Characterization of chitin synthesis in C. albicans. (A) CW vital staining of C. albicans yeast cells strains as indicated (upper panels). Staining was performed for 60 min. For hyphal visualization (lower panels), filamentation was induced for 2 hr and staining was performed on fixed cells as described in the Materials and Methods section. Note the different localization of chitin in the mutant in both yeast and hyphal cells. (B) Intracellular localization of CaChs3-GFP on yeast and hyphal cultures. (C) Panel represents numerical analysis of CaChs3-GFP localization in yeast (n = 3, >100 cells counted in each experiment). Note the apparent loss of signal for CaChs3-GFP in the buds of the exomer mutant. (D) CW vital staining of the indicated mutants of S. cerevisiae.
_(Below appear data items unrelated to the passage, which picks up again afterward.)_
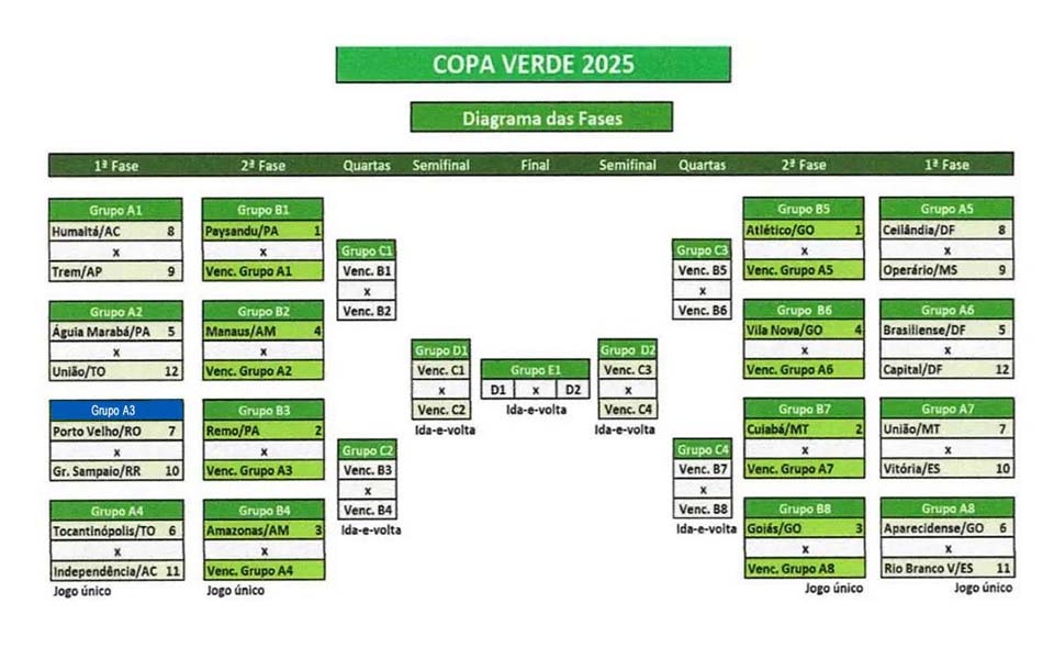A Confederação Brasileira de Futebol divulgou os confrontos da primeira fase da Copa Verde 2025, assim como os adversários dos classificados na fase inicial na segunda fase da competição. Os jogos da primeira e segunda fase acontecem em jogo único.
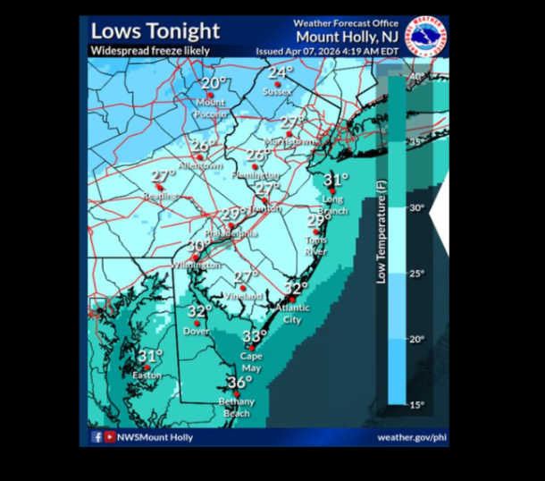 According to the National Weather Service, at least 13 counties will experience freezing conditions from Tuesday night into Wednesday morning. Overnight temperatures are forecast to drop into the low 20s to low 30s statewide, creating a risk for frost and freeze damage. Southern counties, where the growing season has already begun, are among the most affected. These include Atlantic, Burlington, Camden, Cape May, Cumberland, Gloucester, Mercer, Monmouth, Ocean, and Salem counties.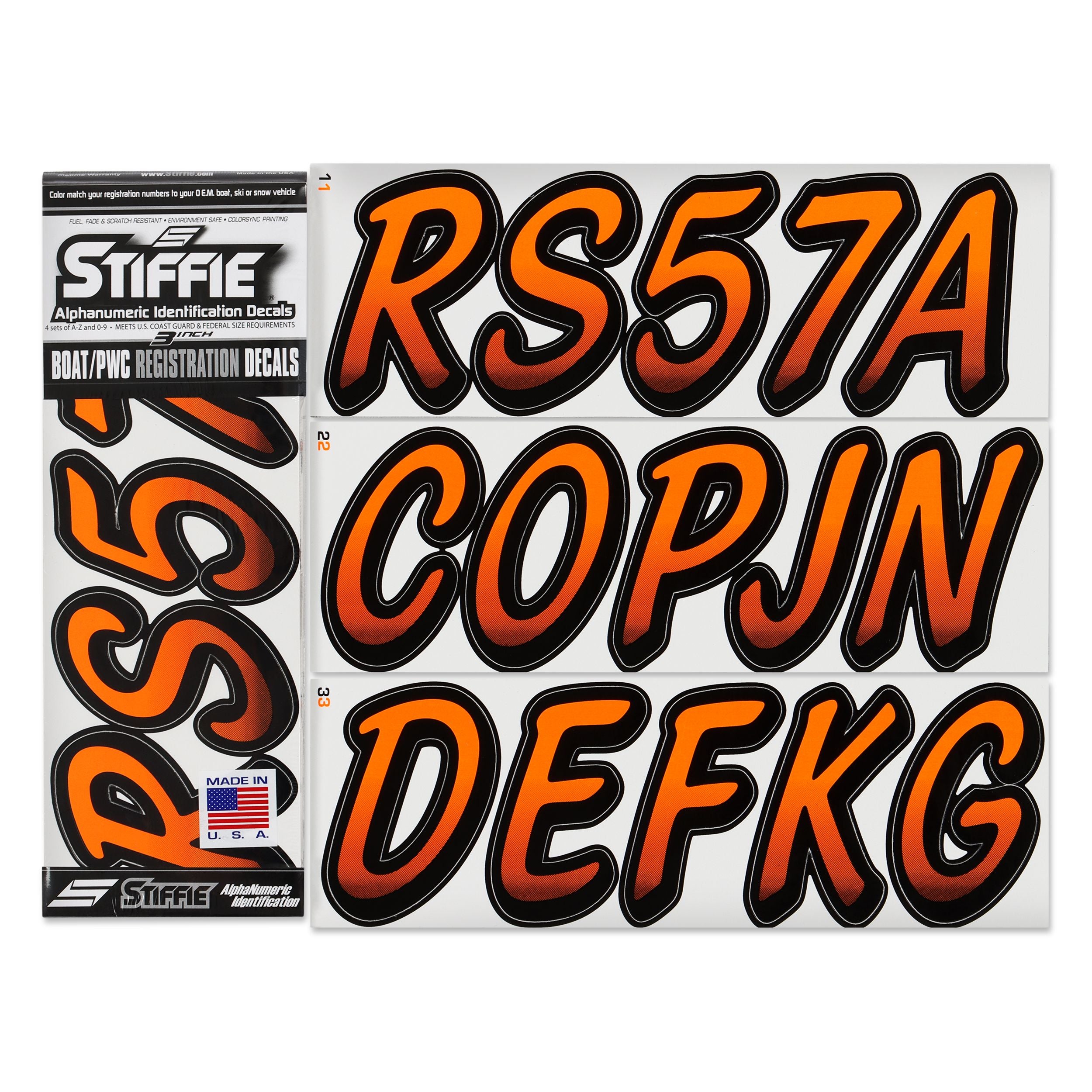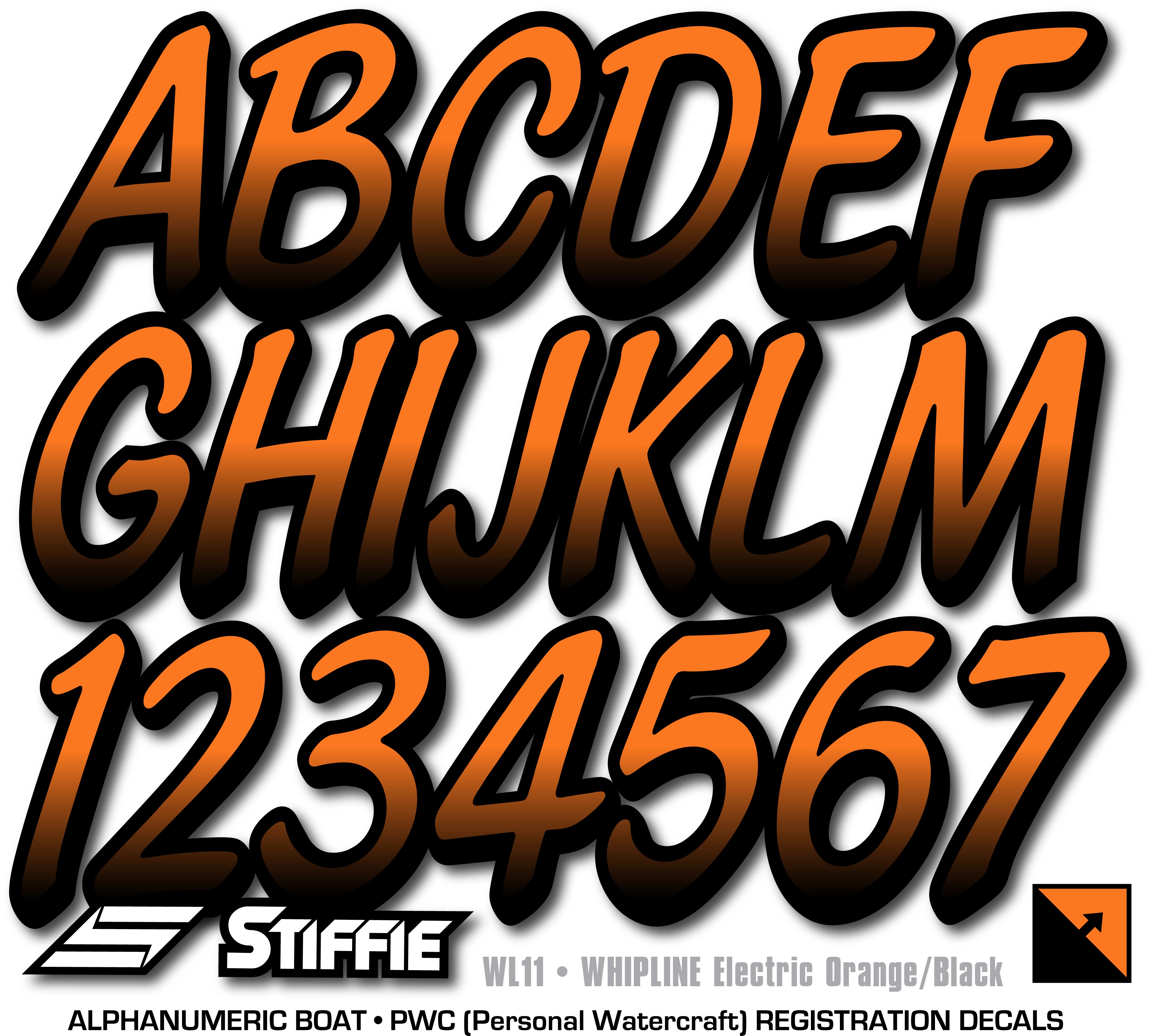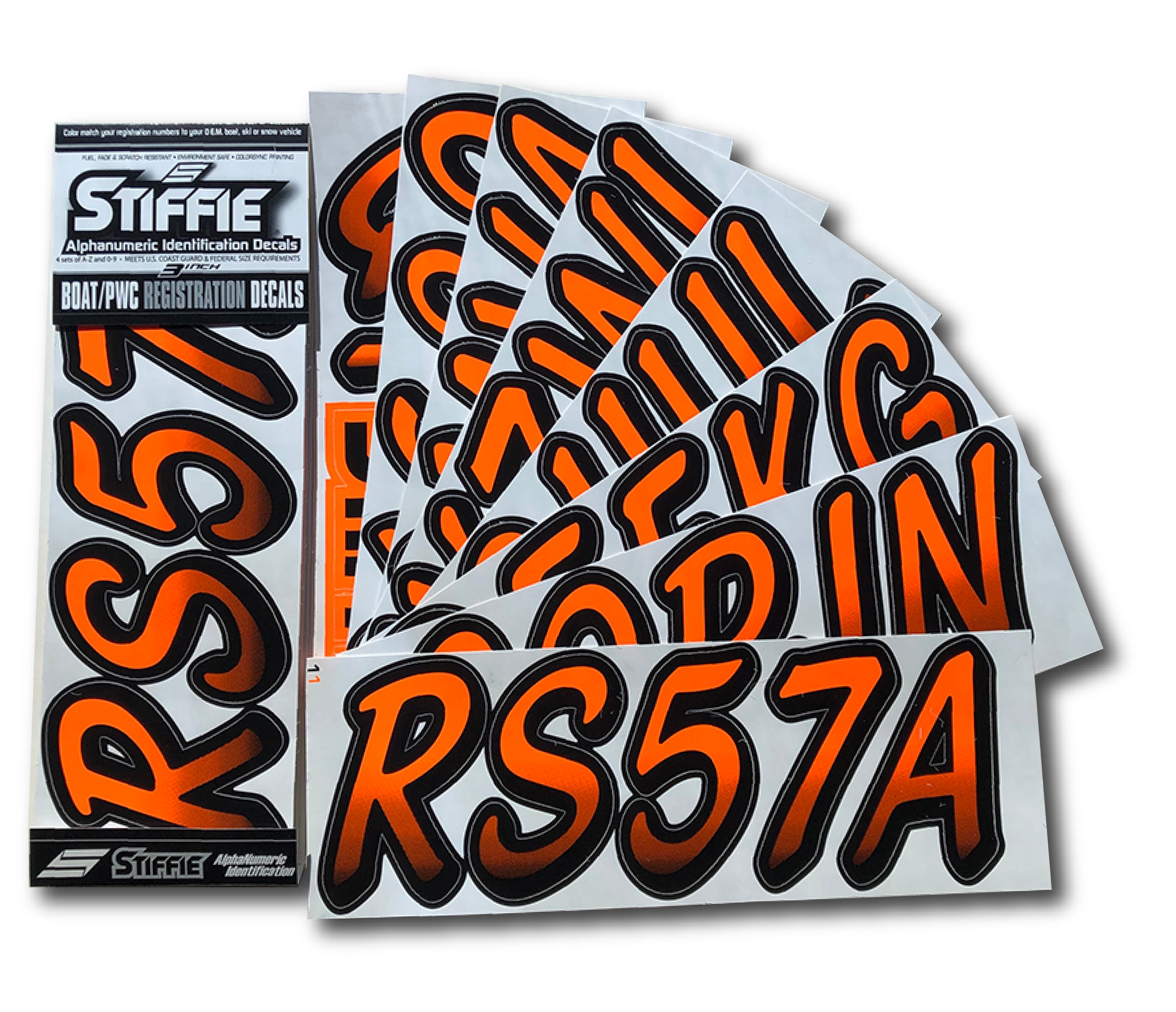 STIFFIE Whipline Electric Orange/Black 3" Boat & PWC Registration Decals • Numbers Letters Stickers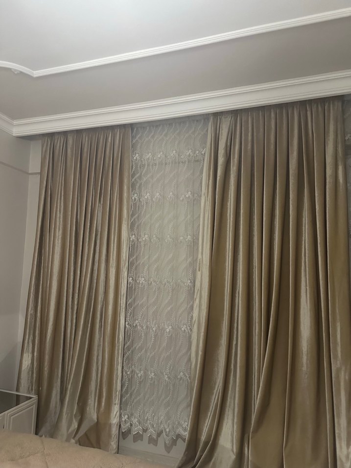 Modern Klasik Bej Nakışlı Perde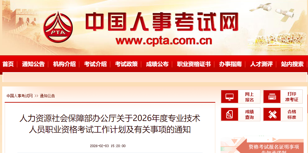 为切实做好专业技术人员职业资格考试规划与管理工作,方便广大专业技术人员参加职业资格考试,经征求有关部门同意,现就2026年度专业技术人员职业资格考试工作计划及有关事项通知如下:

Note the partial delocalization of chitin to the bud in the aps1∆ mutants, a result similar to that observed in the Cachs5∆ mutant (A). See Figure S5 in File S1 for additional data on chitin and CaChs3-GFP localization. CW, calcofluor white; WT, wild-type.

Figure 6

Functional characterization of chimeric Chs3 proteins. (A) Calcofluor (CW) resistance promoted by the chimeric proteins Chs3^CaCT-GFP and ^CaNTChs3-GFP in the indicated S. cerevisiae strains compared to the wild-type ScChs3-GFP used as the control. (B) CW vital staining of the same strains as in (A). (C) Intracellular localization of ScChs3-GFP, Chs3^CaCT-GFP, and ^CaNTChs3-GFP in the indicated strains. (D) Quantitative analysis of the images in (C) (n = 4, >100 cells/experiment). Note the reduced arrival of Chs3^CaCT-GFP at the PM, which is restored in in the aps1∆ mutant. In contrast, ^CaNTChs3-GFP arrives partially at the PM even in the chs5∆ mutant. See Figure S6 in File S1 and Materials and Methods for details on the chimeric constructs.